Gateway Casinos & Entertainment Ltd. may be left at the altar, as the U.S. company that pledged to acquire the B.C.-based owner of 25 properties takes steps to find a new partner.
Gateway, controlled by financier Newton Glassman’s Catalyst Capital Group Inc., announced plans to merge with New York-based Leisure Acquisition Corp. in late December, in what the two companies described as a $1.5-billion transaction.
Catalyst acquired Gateway in 2009 and first tried to sell the casino company through an initial public offering, or IPO, in 2012, then pulled the deal. Catalyst filed for a second Gateway IPO in 2018, then shifted gears a year later, announcing plans to combine forces with Nasdaq-listed Leisure Acquisition.
In March, the COVID-19 pandemic shut down Gateway’s casinos in B.C., Alberta and Ontario. Leisure Acquisitions stated in recent filings with U.S. regulators that it may abandon the bid and try to buy another gambling business. If the Leisure Acquisition deal falls apart, it will be the latest in a string of Catalyst-owned businesses that Mr. Glassman promised would be sold, then failed to exit.
In recent weeks, potential buyers in other sectors abandoned a number of takeovers announced prior to the pandemic. The list of spurned companies features businesses similar to casinos in that they require large numbers of people to be in small spaces, with failed bids for theatre chain Cineplex Inc., retailer Victoria’s Secret and mall owner Taubman Centers Inc.
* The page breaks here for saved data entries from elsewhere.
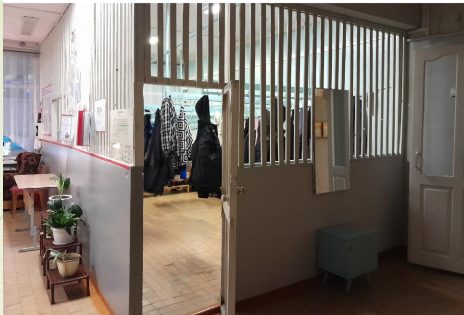
Раздевалка. ДО ремонта
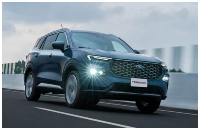
Piloto automático adaptativo com Stop and Go
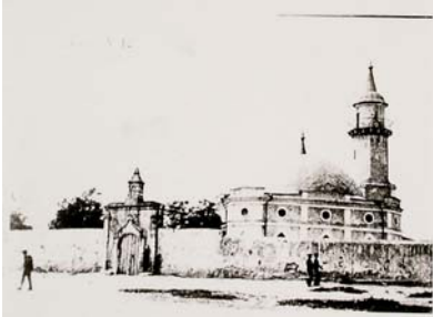
Татарська мечеть у м. Миколаєві

назвою “малоросіяни”. Тому виділити окремі групи росіян, українців, білорусів неможливо.
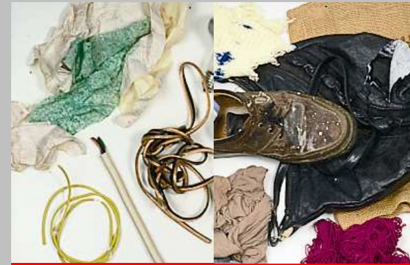
Bodenbeläge, Kabel, Koffer, Taschen, Teppiche, Schuhe
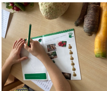
Retour atelier « légumes-racines » 2020-2021

Ah, c'est bizarre, j'veais pas aimer ! Au fait, ça va, c'est bon quand même !
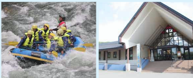
※写真は全てイメージです。
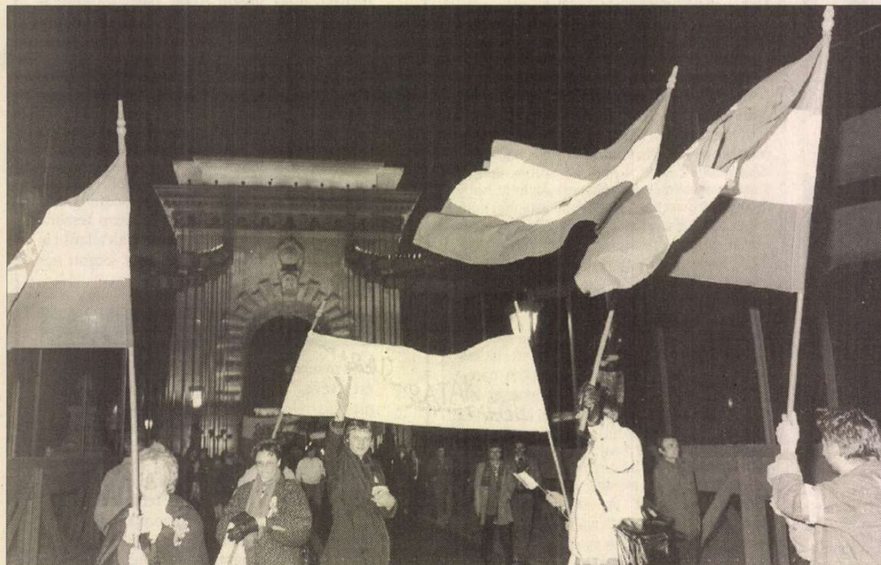
Az akkor alternatívának nevezett szervezetek esti demonstrációja a Lánchídon

Rácz Sándor lelki táviratát hozom el nektek! Szíve, értelme minden melegével, lelke minden rezdülésével együtt ünnepel veletek. Végtelenül sajnálja, hogy nem lehet most itthon. Amerikában igyekszik eleget tenni annak az elkötelezettségnek, amelyet ti már órála ismertek és tudtok. Remélem, hogy ha hazajön, be tud erről nektek számolni. Magam részéről programszerű üzenetét mondom: több pártot az országba, munkástanácsokat a gyárakba!

The deal with Leisure Acquisition was initially set to close by April 5. When the novel coronavirus shuttered Gateway properties in mid-March, the closing date was pushed back.
Leisure Acquisition is what’s known as a special-purpose acquisition corporation, or SPAC, backed by a team of experienced casino operators. The company was created in 2017 with US$207-million of capital and went hunting for a partner. The rules that govern SPACs stipulate that if Leisure Acquisition fails to take over a business by a predetermined date, the company must return its cash to shareholders. That deadline was originally set for April, then extended to June 30.
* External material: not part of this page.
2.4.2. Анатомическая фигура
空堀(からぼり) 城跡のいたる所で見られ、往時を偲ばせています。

Last Friday, Leisure Acquisition shareholders agreed to extend the deadline again, to Dec. 1, after the company said in a regulatory filing that it needed more time to close the deal with Gateway “or another initial business combination, if the company is unable to conclude its business combination with Gateway.”
“There can be no assurance that it will be possible to complete a business combination with Gateway prior to July 15,” said Leisure Acquisition in a filing with securities regulators. Gateway, Catalyst and Leisure Acquisition declined further comment on their plans.
As part of the process that extended deadlines, Leisure Acquisition allowed its investors to withdraw their money each time they gave the SPAC more time to close a deal. The bulk of shareholders have taken advantage of that opportunity: after last Friday, Leisure Acquisition only has US$13.2-million of capital, according to filings. With the SPAC’s cash melting like snow in July, Gateway faces a significant financial challenge.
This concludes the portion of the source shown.